What wonderful pictures! He's just fine, and his doggy friend is pretty cool too.  Thanks for adopting a "hard to place" cat. And posting here to show the joy helps too. It can encourage others to follow in your track.


----------



## Dumine (Jun 30, 2014)

Wow, he is gorgeous!! And quite a handful, it looks like. Good thing he has a doggy buddy to keep him busy.


----------



## spirite (Jul 31, 2012)

He is a beautiful cat!! I love the pictures - the one of him as a kitten on your dog's back...at first I was wondering why you were posting a pic of your dog. It took me a couple of seconds to see Diesel.  DeafDogs&Cat also had a deaf cat (imagine that) who's quite a character. You two could trade notes on the crazy antics of deaf kitties!


----------



## DeafDogs&Cat (Mar 27, 2013)

Welcome! He is absolutely stunning! Deafies are amazing. Munch (my deafie) is a bit of a goofball, too. We have a ton of fun. 10cats2dogs also has a deafie.


----------



## 10cats2dogs (Jun 16, 2013)

Hi Poison! 
OMG! He is so CUTE! That fourth picture, he's in, looks like he's part Winter Mink! What an expression! 
And yes, I also have a white, blue eyed kitty, that's deaf!
Her name is Snowflake, and she's also quite the character!
Sharon


----------



## maggie23 (Mar 10, 2012)

WOW! incredible pics everyone! I have a white kitty myself. she's not deaf but she was 10 1/2 and front declawed when we met her at the humane society and it broke my heart to know she'd been passed over again and again for 2 1/2 years before we found each other. I love her like nothing else!


----------



## oddsauce (Nov 16, 2015)

Diesel is gorgeous! So glad you found him. 

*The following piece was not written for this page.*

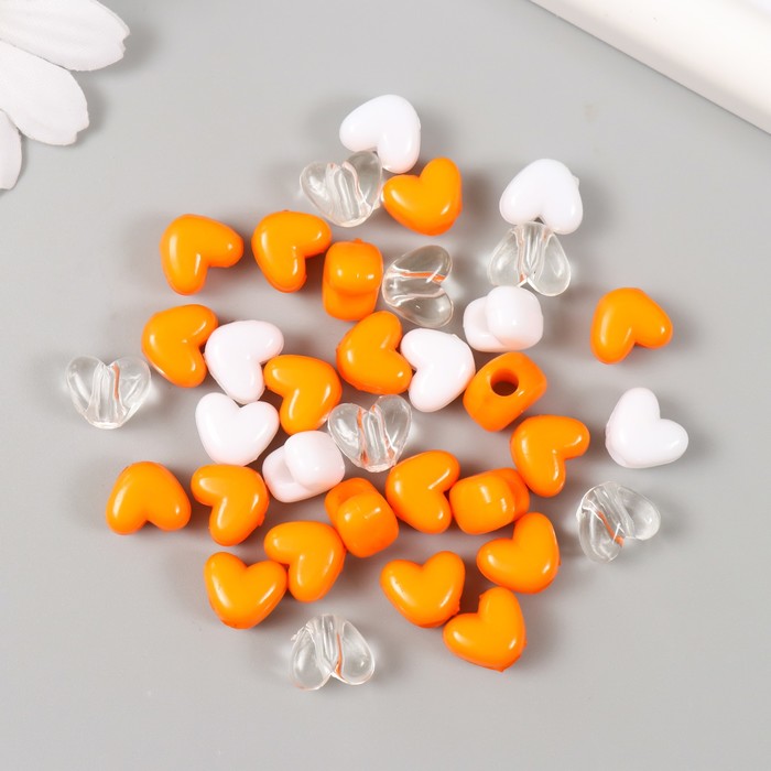 Набор бусин для рукоделия и плетения «Арт Узор. Сердце. Оранжевый, белый, прозрачный», 20 г, пластик, 1.2×0.9×0.8 см

My first cat was mostly blind when I took her in and she was the sweetest. Everyone at the rescue center had no idea why no one wanted her. 

Their loss, your gain


----------



## evince (Mar 9, 2015)

Amazing photos, love love! <3 Welcome to the forum!


----------



## Zelly (Nov 17, 2015)

Diesel is quite handsome!


----------